* [Task instructions]: Retype the whole listing exactly. Leave out pictures.

* [Dataset content]:
□ □ □ □ □ □ □
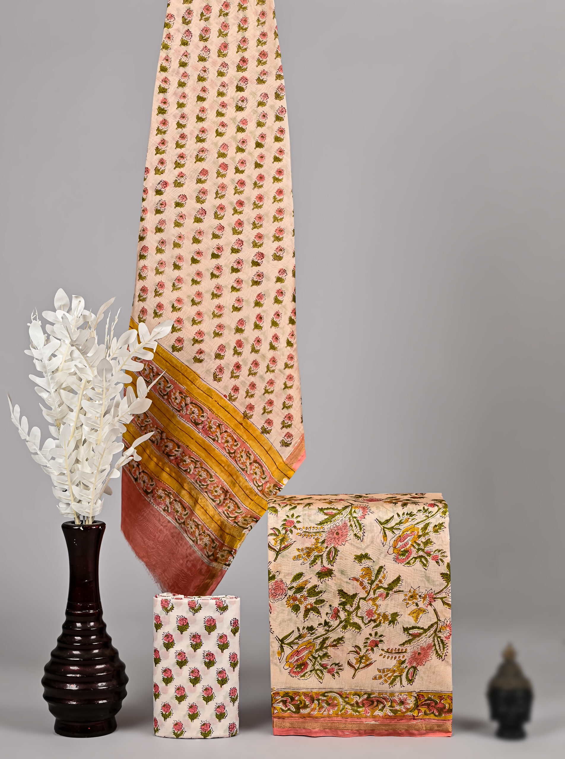 An artisan-made Chanderi silk suit hand block printed or hand painted with natural dyes. Soft, breathable, and gracefully elegant for office and festive wear.
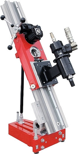 Специальная сверлильная стойка Dr. Schulze B-600 (Доктор Шульце Б-600) – универсальная и особо надежная керносверлильная станина для гидравлических моторов для бурения отвеpстий в бетоне, железобетоне, кирпиче, камне Ø до 600 мм под углом -90° ... +45°. На изображении показана конфигурация со шпинделем В-300, гидравлическим мотором OMR 300 и шарниром (дополнительные опции).
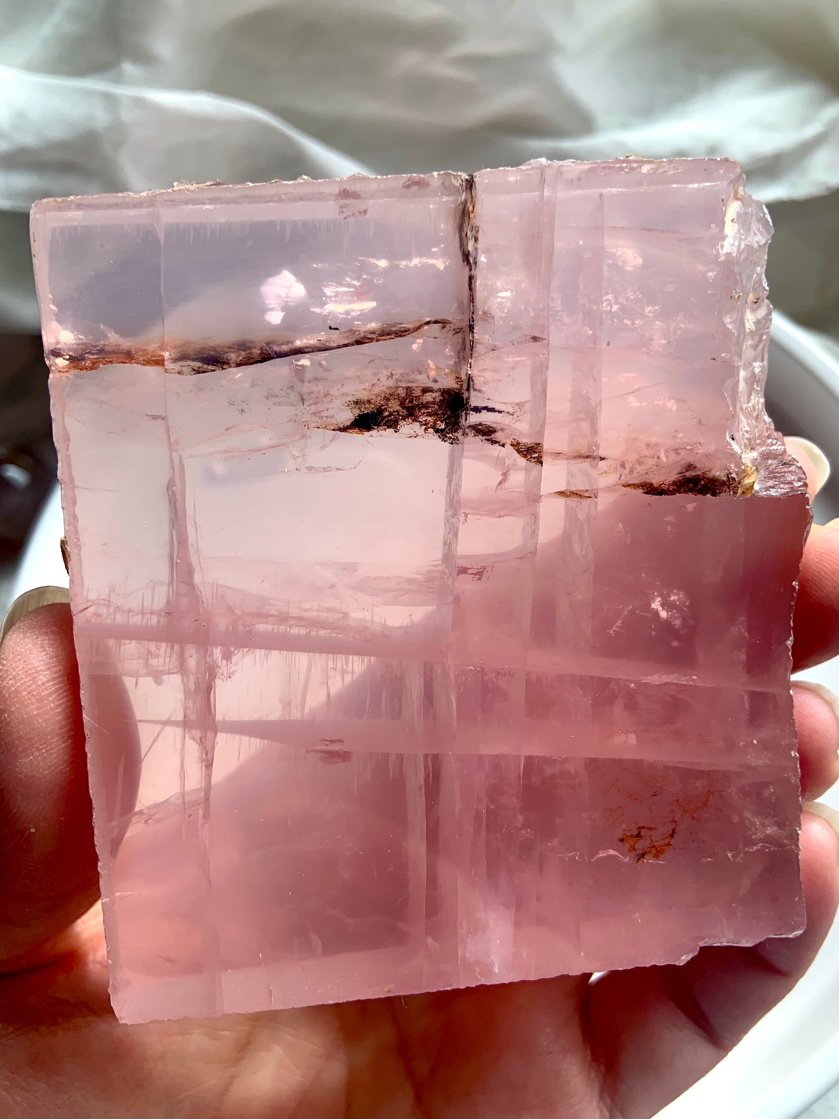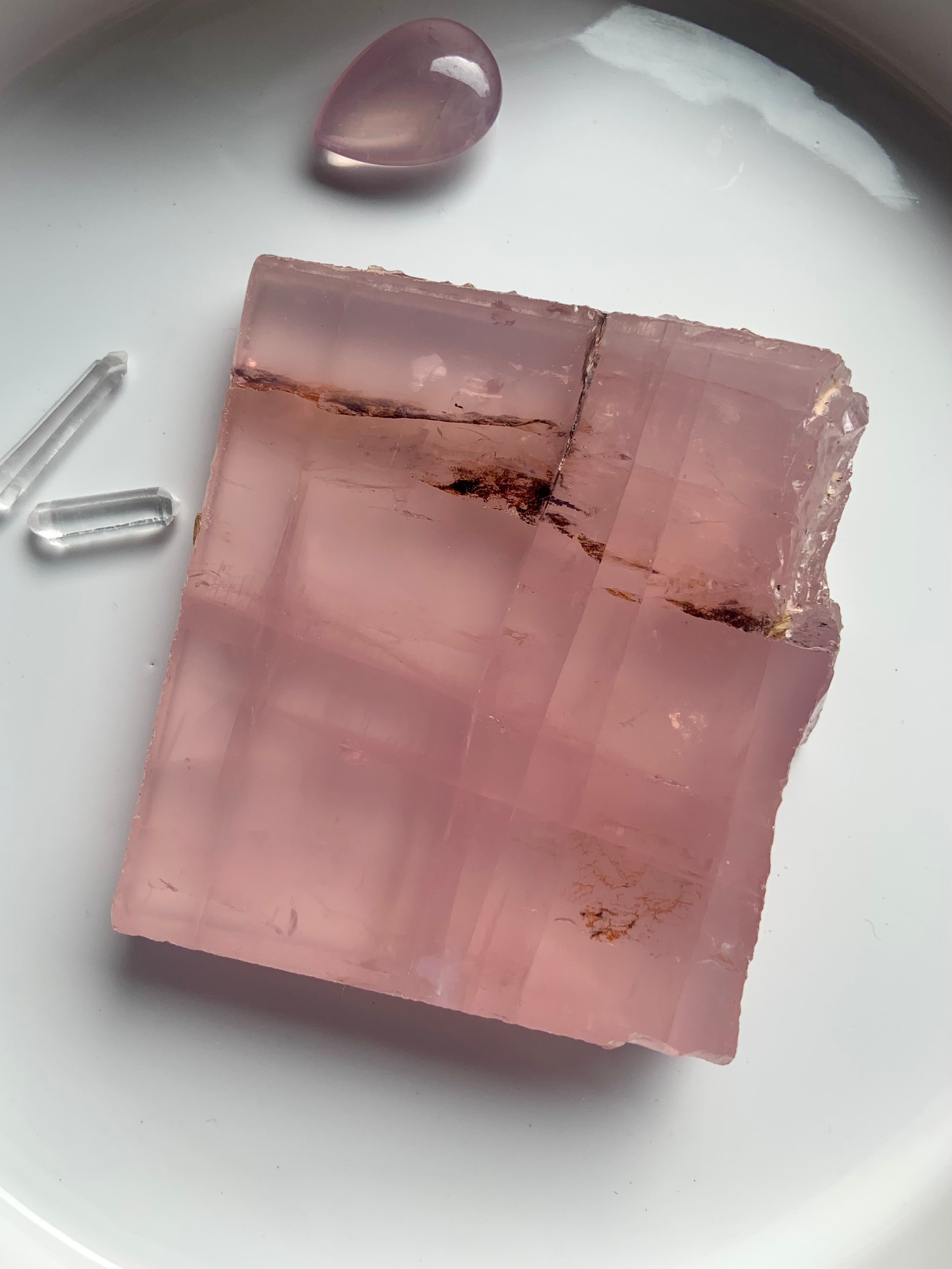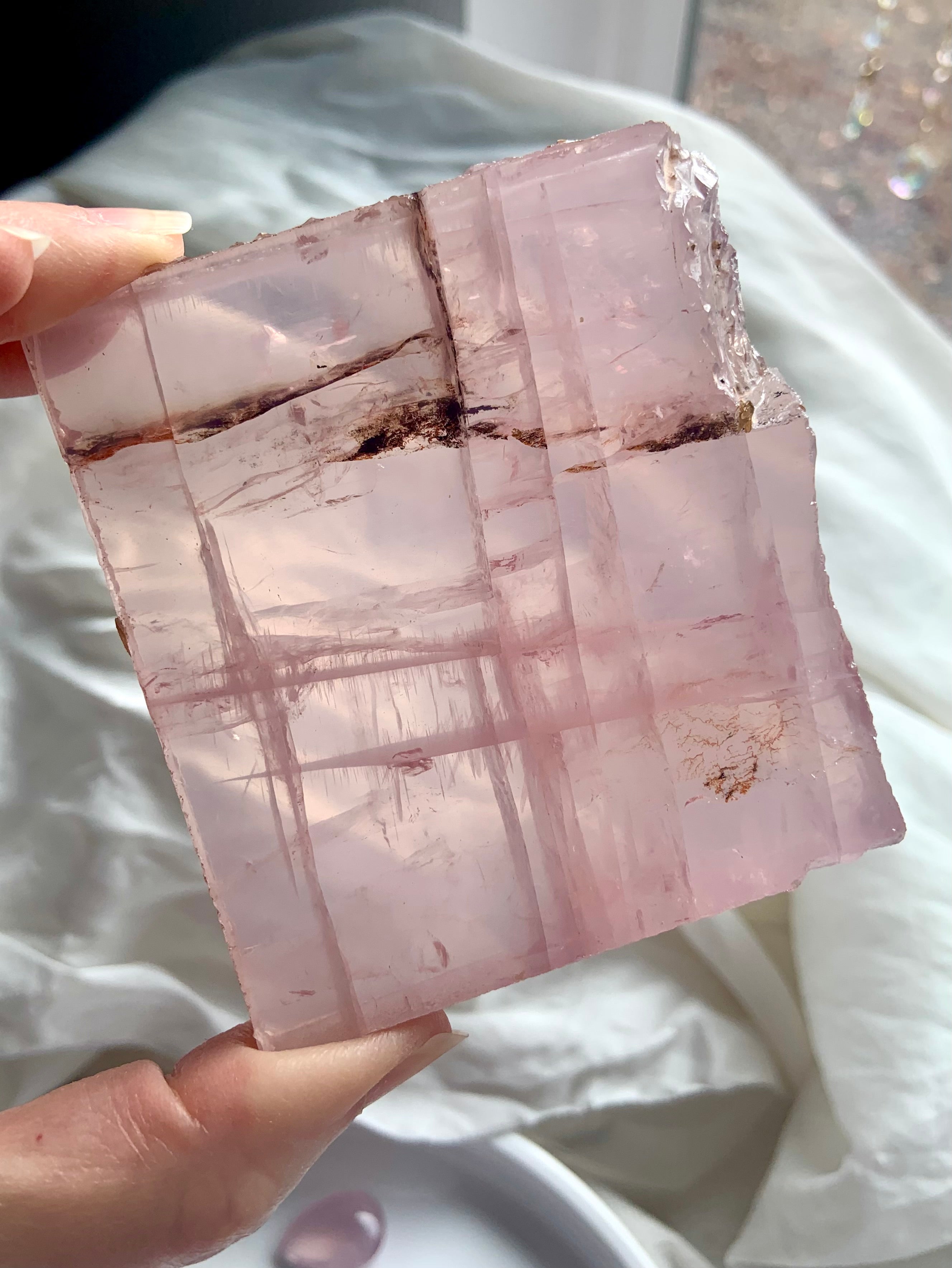 This very pink and gemmy, translucent Rose Quartz Crystal Slab from Mozambique with hematite inclusions and asterism is an absolute thing of beauty.
□ □ □ □ □ □ □
* [Answer to this task]:
 An artisan-made Chanderi silk suit hand block printed or hand painted with natural dyes. Soft, breathable, and gracefully elegant for office and festive wear.
 Специальная сверлильная стойка Dr. Schulze B-600 (Доктор Шульце Б-600) – универсальная и особо надежная керносверлильная станина для гидравлических моторов для бурения отвеpстий в бетоне, железобетоне, кирпиче, камне Ø до 600 мм под углом -90° ... +45°. На изображении показана конфигурация со шпинделем В-300, гидравлическим мотором OMR 300 и шарниром (дополнительные опции).
 This very pink and gemmy, translucent Rose Quartz Crystal Slab from Mozambique with hematite inclusions and asterism is an absolute thing of beauty.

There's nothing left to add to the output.